**Provided entries**.
Content starts

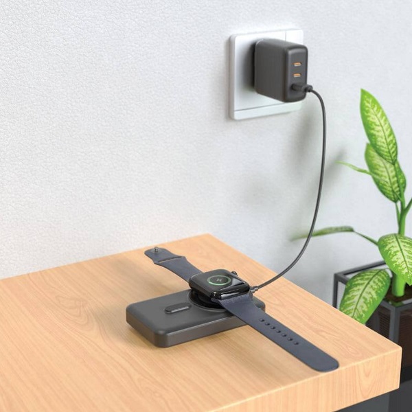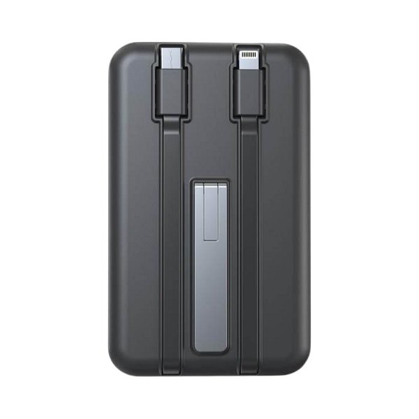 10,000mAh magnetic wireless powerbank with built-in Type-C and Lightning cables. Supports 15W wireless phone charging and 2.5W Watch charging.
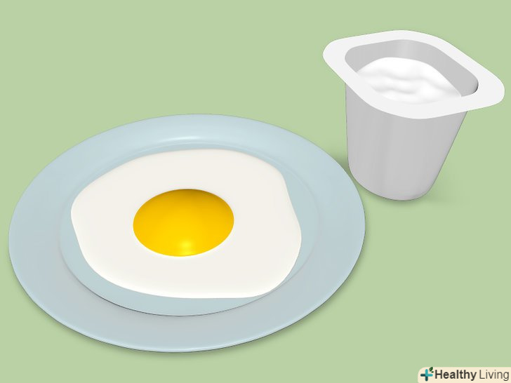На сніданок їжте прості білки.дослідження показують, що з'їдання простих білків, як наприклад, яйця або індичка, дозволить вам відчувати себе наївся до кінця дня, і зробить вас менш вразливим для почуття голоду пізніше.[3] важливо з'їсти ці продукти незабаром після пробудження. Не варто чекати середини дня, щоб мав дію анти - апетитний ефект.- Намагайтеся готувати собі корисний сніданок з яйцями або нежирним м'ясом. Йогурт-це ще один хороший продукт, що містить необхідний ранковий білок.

Content ends
Content starts

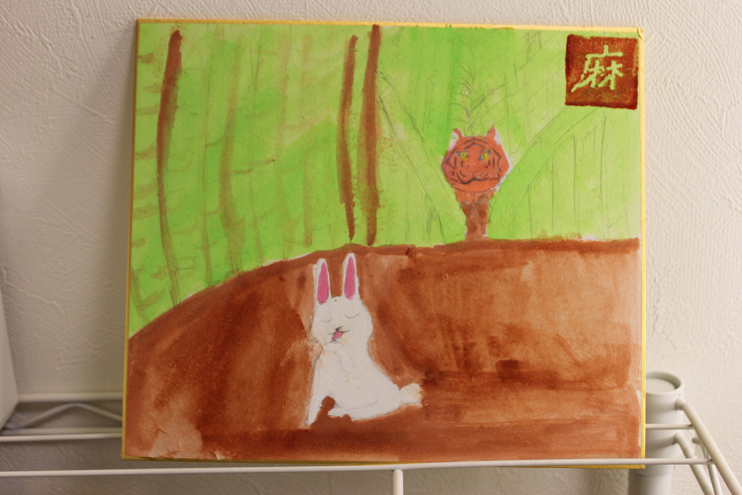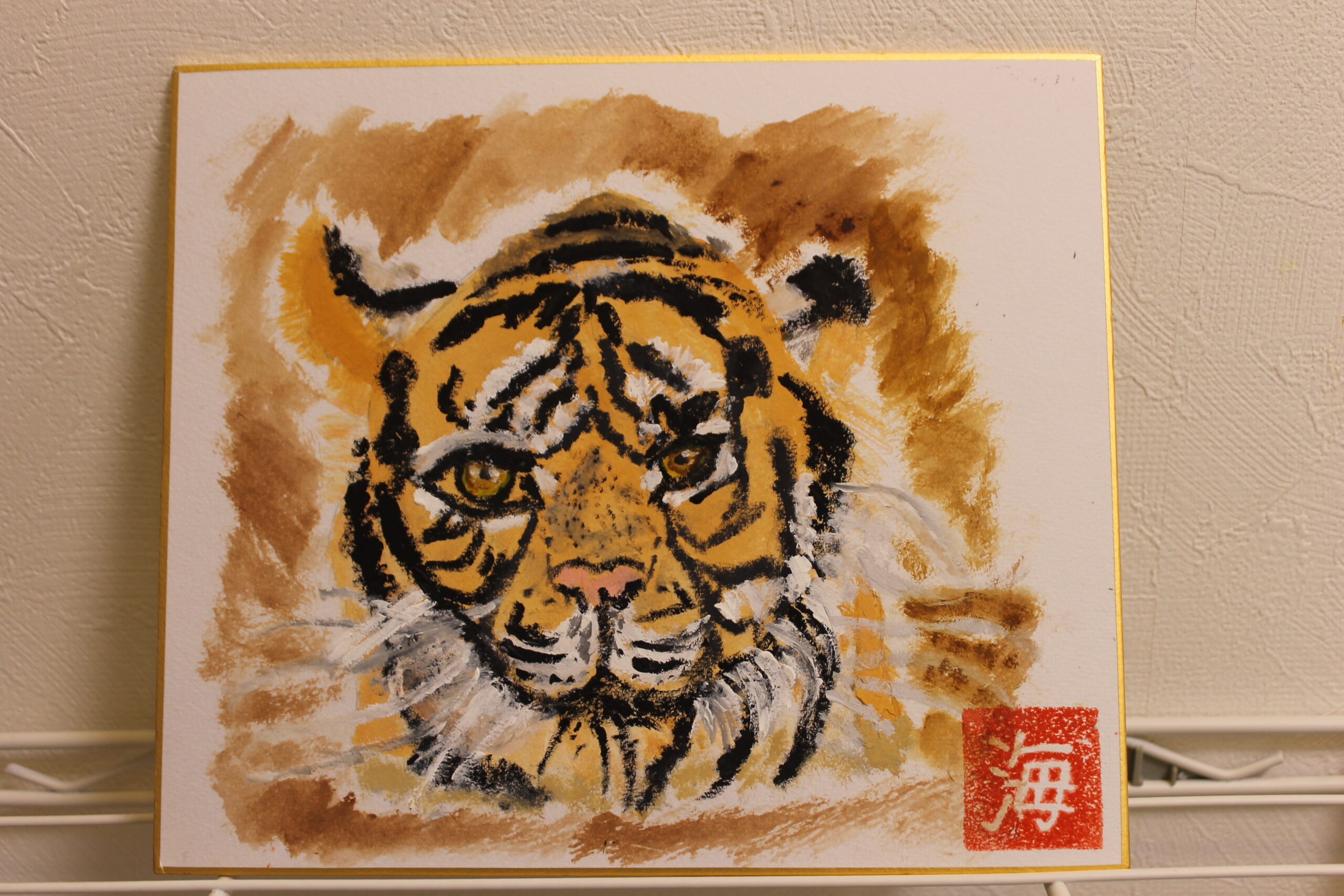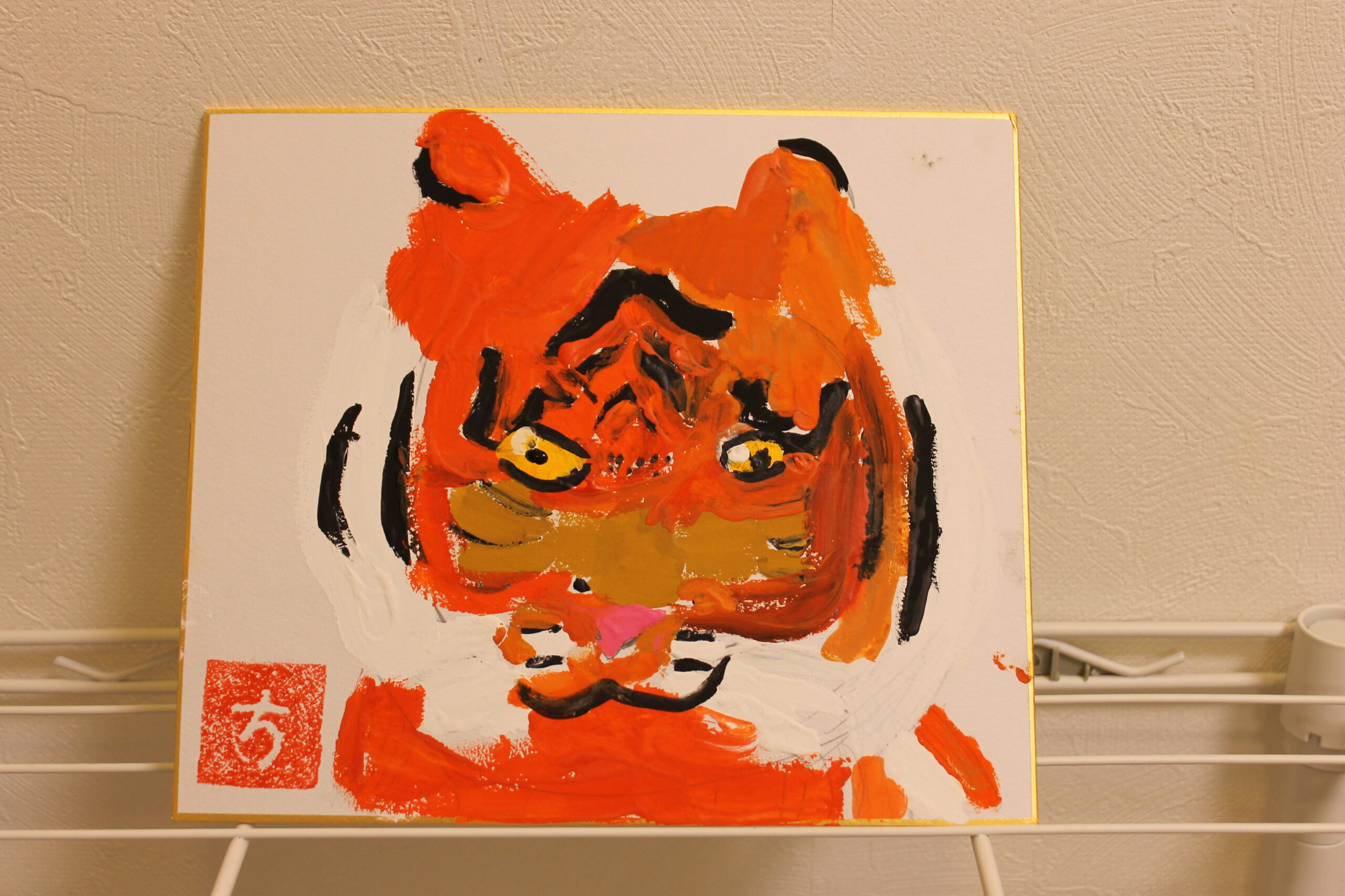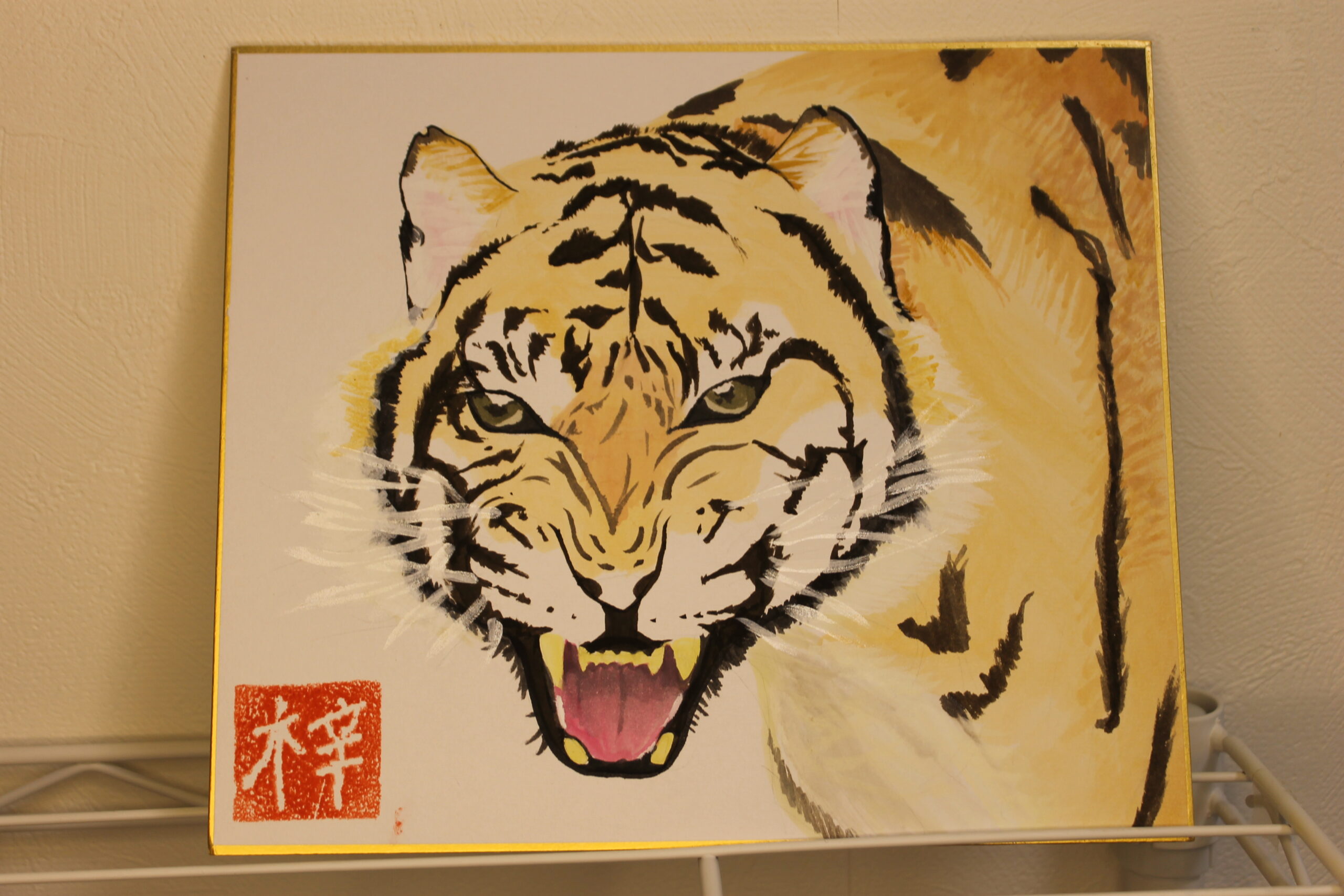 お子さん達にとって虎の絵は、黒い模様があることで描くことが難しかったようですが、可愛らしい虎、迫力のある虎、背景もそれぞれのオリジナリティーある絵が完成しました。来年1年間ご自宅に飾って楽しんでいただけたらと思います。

Content ends

**Exercise goal**. Everything from the line above that contains "10,000mAh magnetic wireless" down to the line that contains "На сніданок їжте" must be reproduced exactly, both ends included. Omit the pictures.

**Solution below**.
 10,000mAh magnetic wireless powerbank with built-in Type-C and Lightning cables. Supports 15W wireless phone charging and 2.5W Watch charging.
На сніданок їжте прості білки.дослідження показують, що з'їдання простих білків, як наприклад, яйця або індичка, дозволить вам відчувати себе наївся до кінця дня, і зробить вас менш вразливим для почуття голоду пізніше.[3] важливо з'їсти ці продукти незабаром після пробудження. Не варто чекати середини дня, щоб мав дію анти - апетитний ефект.- Намагайтеся готувати собі корисний сніданок з яйцями або нежирним м'ясом. Йогурт-це ще один хороший продукт, що містить необхідний ранковий білок.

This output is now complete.